__WHAT THE TASK REQUIRES__
Exclude every picture. Output verbatim the lines from the one containing "- Our sizes" to the end of the data.

__RECORD EXTRACTS__
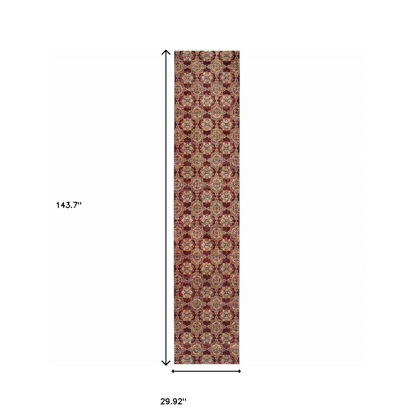 Set an inviting tone in your space with this 12-foot red and gold oriental runner rug. Ideal for spaces with kids and pets, this rug is stain resistant to help repel dirt and spilled liquids. Built to last, this rug crafted from polypropylene and nylon fibers is known for its durability and long lasting appeal. Rugs are a great way to showcase your style, hide imperfections, warm your home and reduce noise. This rectangular shaped rug features a abstract design that will add a functional and decorative accent to your space. 29.92-inch h x 143.7-inch w x 0.55-inch d.
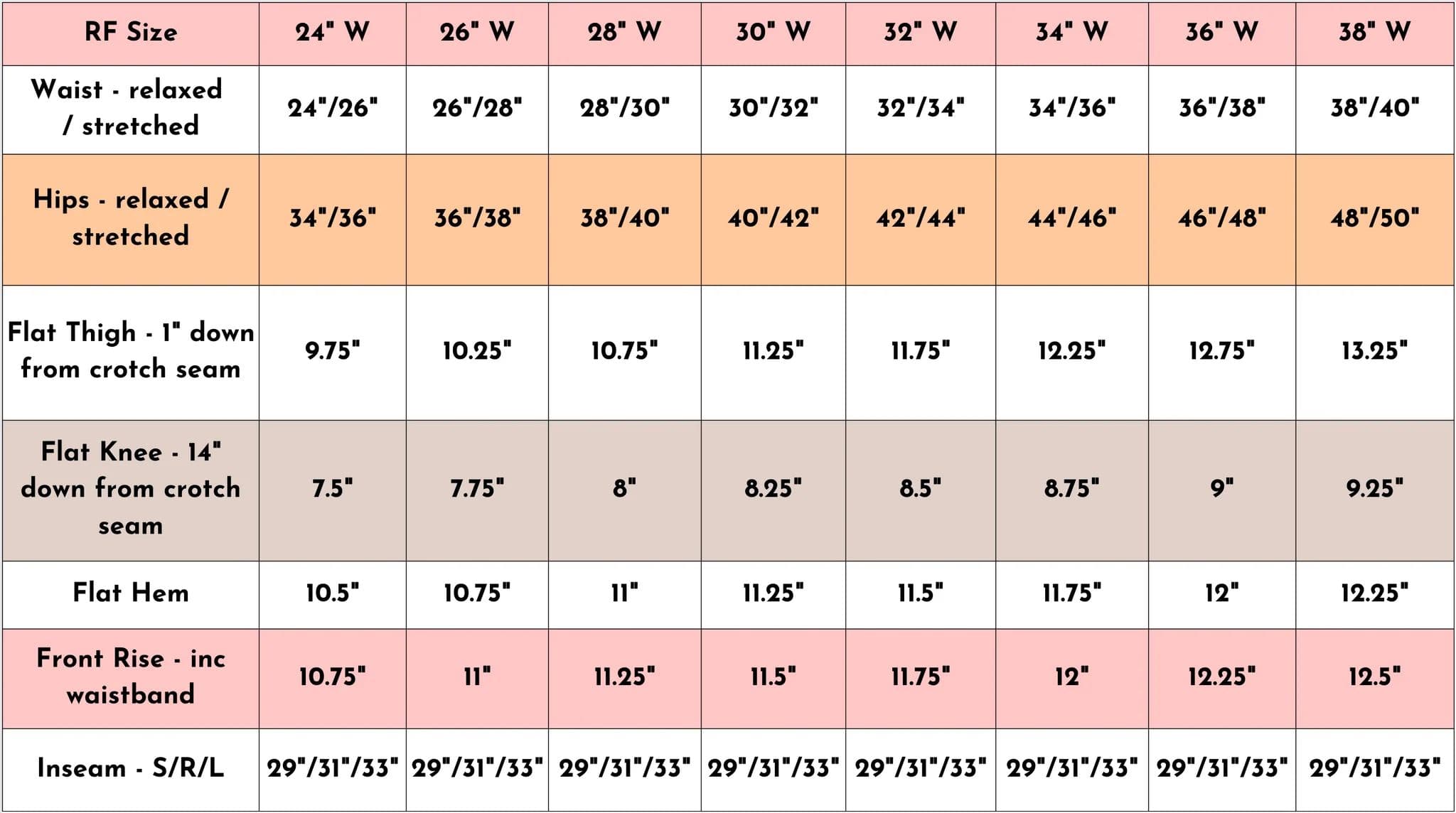 - Our sizes are listed with the waist size first, followed by the inside leg measurement. Both in inches.
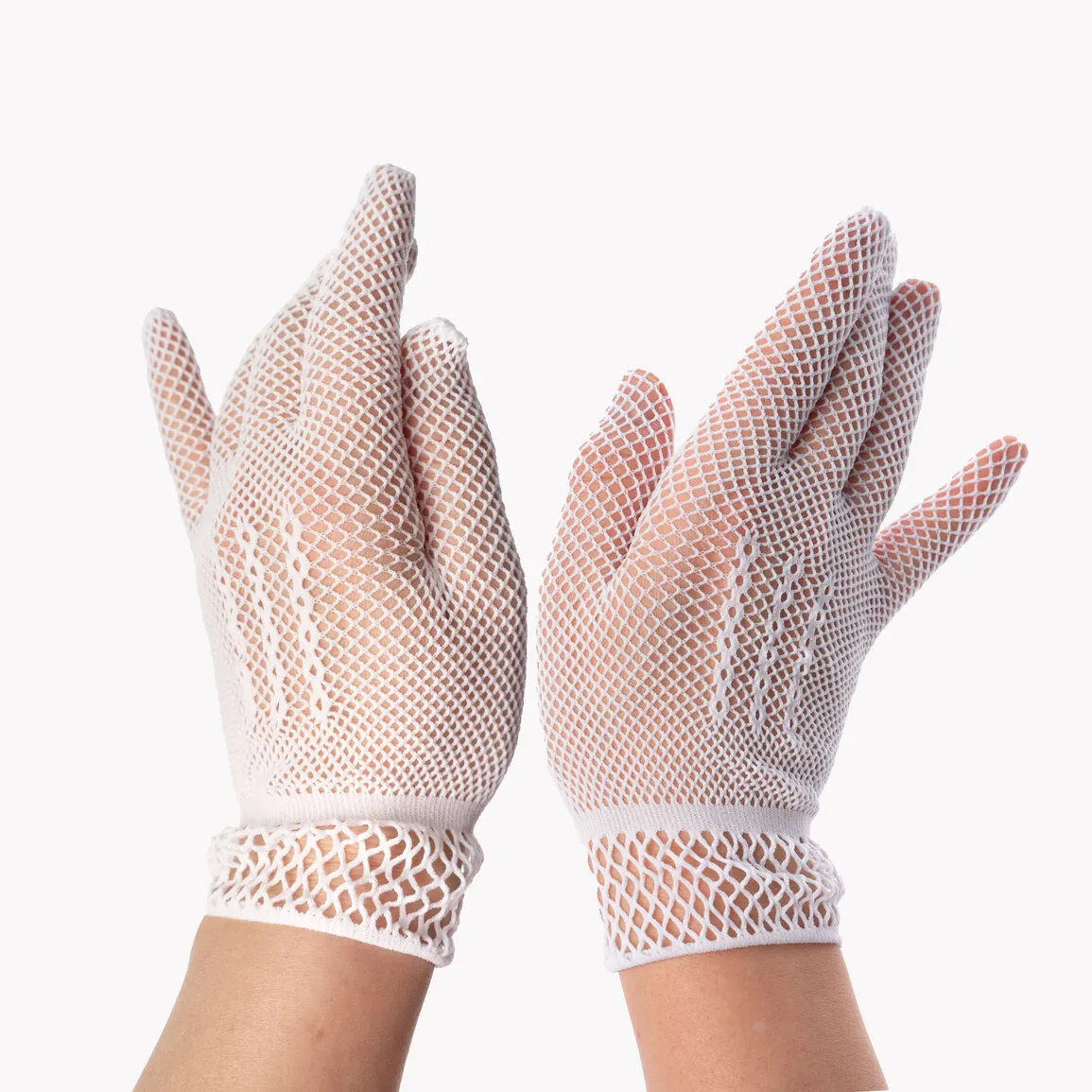 —Сетчатые перчатки белого цвета
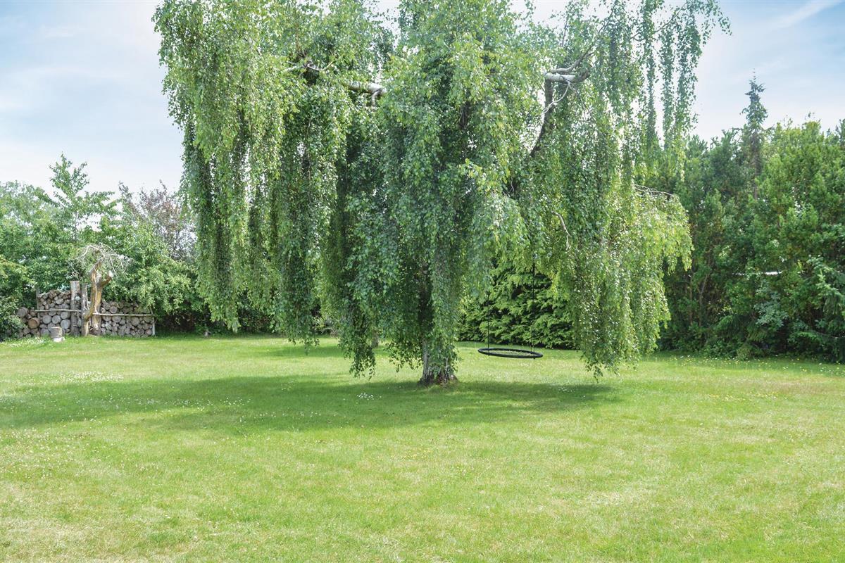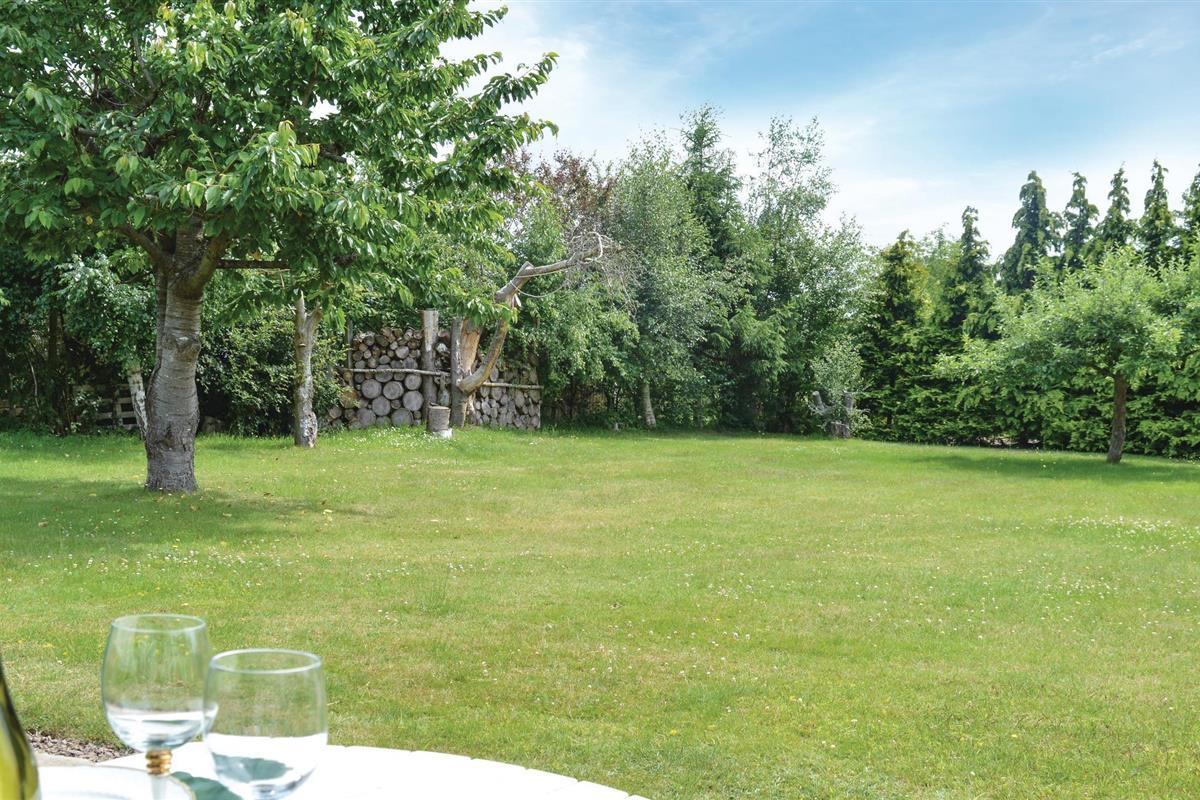 Modern en sfeervol vakantiehuis in Udsholt met tuin en open haard buiten.
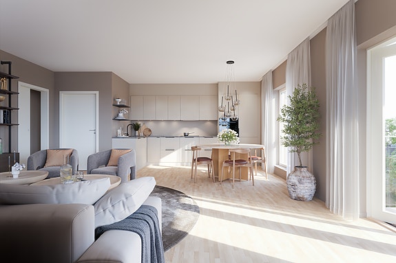 Innglassing av balkonger kan utføres som tilvalg, forutsatt kommunal godkjenning. Utbygger vil beskrive og kreve ensartet type løsning for bygget.
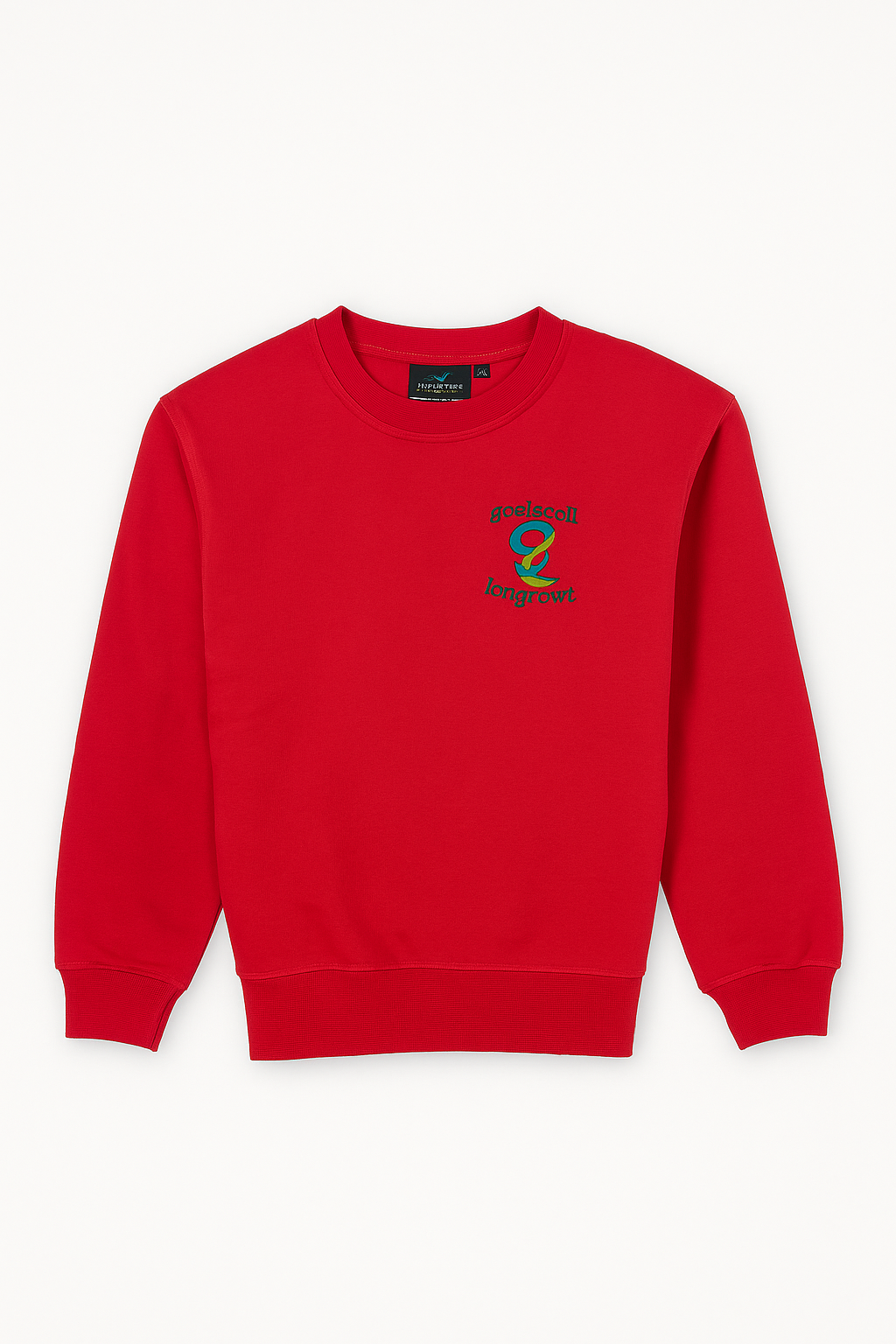 This comfy red school jumper features the embroidered “Gaelscoil Longfort” crest on the chest and is styled in a classic crew-neck cut. Made with durable fabric suitable for daily wear, it offers long sleeves, ribbed cuffs and hem for a tidy fit.

__TASK ANSWER__
 - Our sizes are listed with the waist size first, followed by the inside leg measurement. Both in inches.
 —Сетчатые перчатки белого цвета
 Modern en sfeervol vakantiehuis in Udsholt met tuin en open haard buiten.
 Innglassing av balkonger kan utføres som tilvalg, forutsatt kommunal godkjenning. Utbygger vil beskrive og kreve ensartet type løsning for bygget.
 This comfy red school jumper features the embroidered “Gaelscoil Longfort” crest on the chest and is styled in a classic crew-neck cut. Made with durable fabric suitable for daily wear, it offers long sleeves, ribbed cuffs and hem for a tidy fit.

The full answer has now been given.